Chapter 2 : Classic Storage Models and Constructs This chapter covers the legacy and classic storage technologies that have been used in the VMware infrastructure for the last decade. This chapter provides the background required for you to understand the focus of this book, VMware vSphere's next-generation storage technology design.

Chapter 3 : Fabric Connectivity and Storage I/O Architecture This chapter presents storage connectivity and fabric architecture, which is relevant for legacy storage technologies as well as next-generation solutions including Virtual Volumes.

Chapter 4 : Policy-Driven Storage Design with Virtual SAN This chapter addresses all of the design considerations associated with VMware's Virtual SAN storage technology. The chapter provides detailed coverage of Virtual SAN functionality, design factors, and architectural considerations.

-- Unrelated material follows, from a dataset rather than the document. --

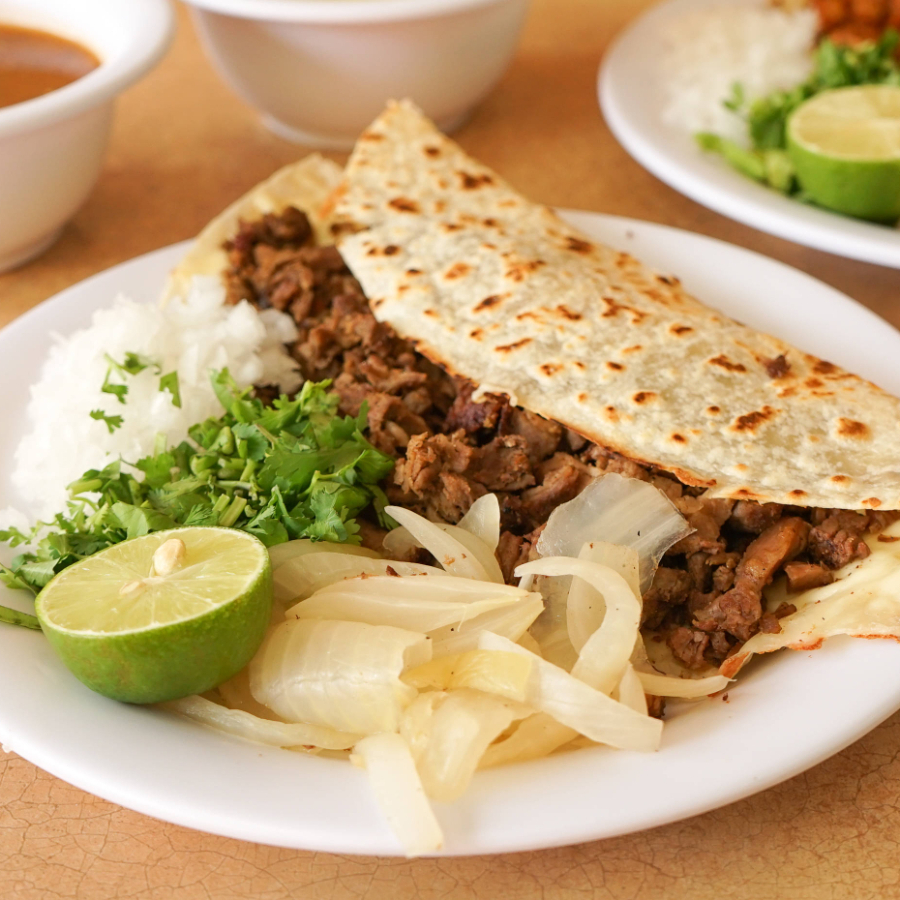Tortilla grande de harina hecha al momento, rellena de carne asada, acompañada de salsa, cebolla y papa dorada limón.
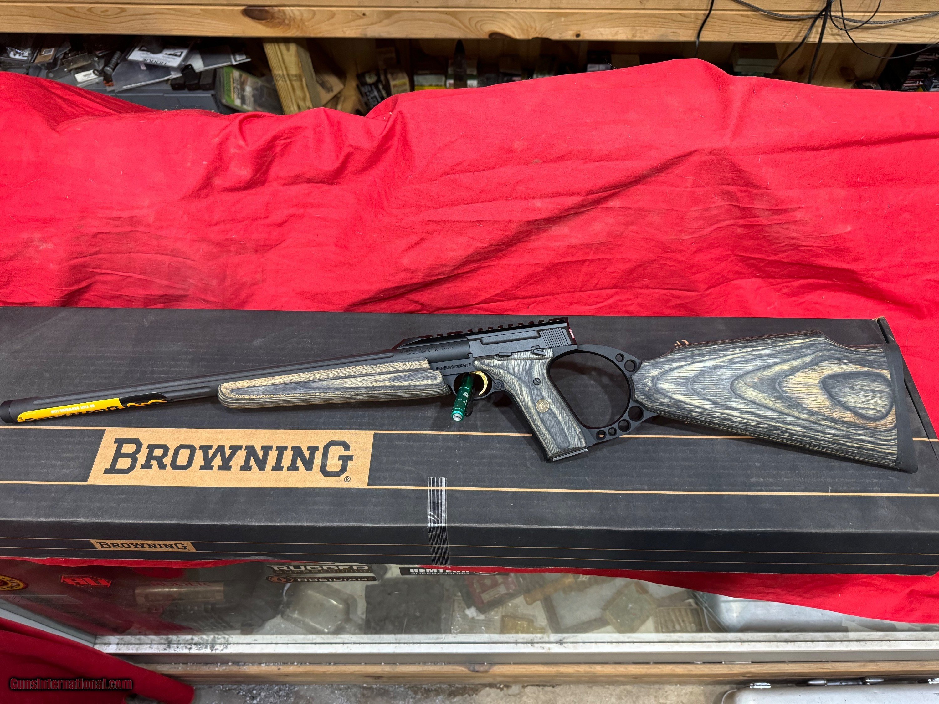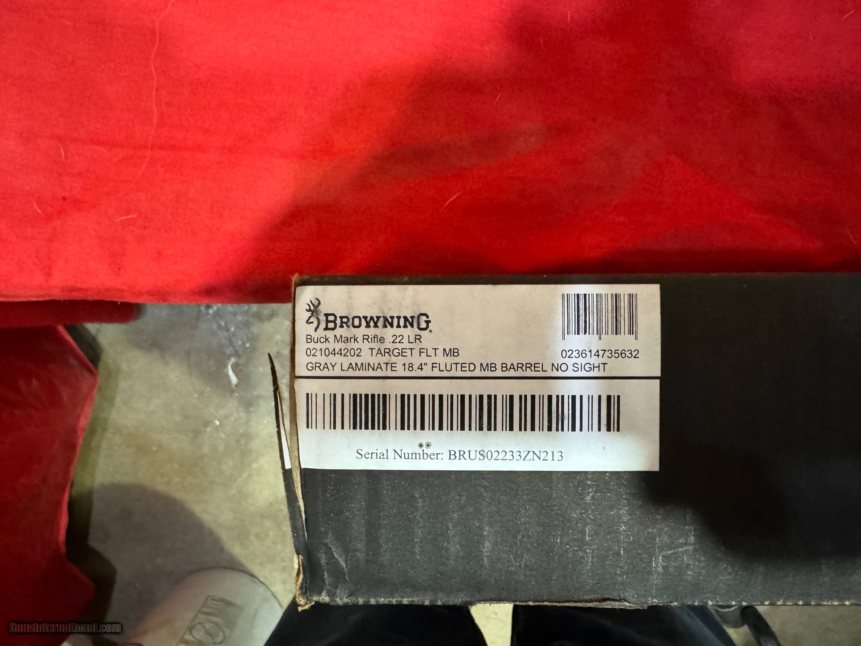 Description: New in box browning buckmark rifle. Fluted threaded barrel in grey laminate stock. Target model 60$ shipping SOLD Rifle Caliber: .22 Long Rifle Manufacturer: Browning Model: Buckmark rifle Barrel Length: 18.5 Condition: New |

Chapter 5 : Virtual SAN Stretched Cluster Design This chapter focuses on one type of Virtual SAN solution, stretched cluster design. This type of solution has specific design and implementation considerations that are addressed in depth. This chapter also provides an example Virtual SAN stretched architecture design as a reference.

Chapter 6 : Designing for Web-Scale Virtual SAN Platforms This chapter addresses specific considerations associated with large-scale deployments of Virtual SAN hyper-converged infrastructure, commonly referred to as web-scale.

Chapter 7 Virtual SAN Use Case Library This chapter provides an overview of Virtual SAN use cases. It also provides a detailed solution architecture for a cloud management platform that you can use as a reference.

Chapter 8 : Policy-Driven Storage Design with Virtual Volumes This chapter provides detailed coverage of VMware's Virtual Volumes technology and its associated policydriven storage concepts This chapter also provides a lowlevel knowledge transfer as well as addressing in detail the design factors and architectural concepts associated with implementing Virtual Volumes

Chapter 9 : Delivering a Storage-as-a-Service Design This chapter explains how IT organizations and service providers can design and deliver storage as a service in a cloud-enabled data center by using VMware's cloud management platform technologies.

Chapter 10 : Monitoring and Storage Operations Design To ensure that a storage design can deliver an operationally efficient storage platform end to end, this final chapter covers storage monitoring and alerting design in the software-defined storage data center.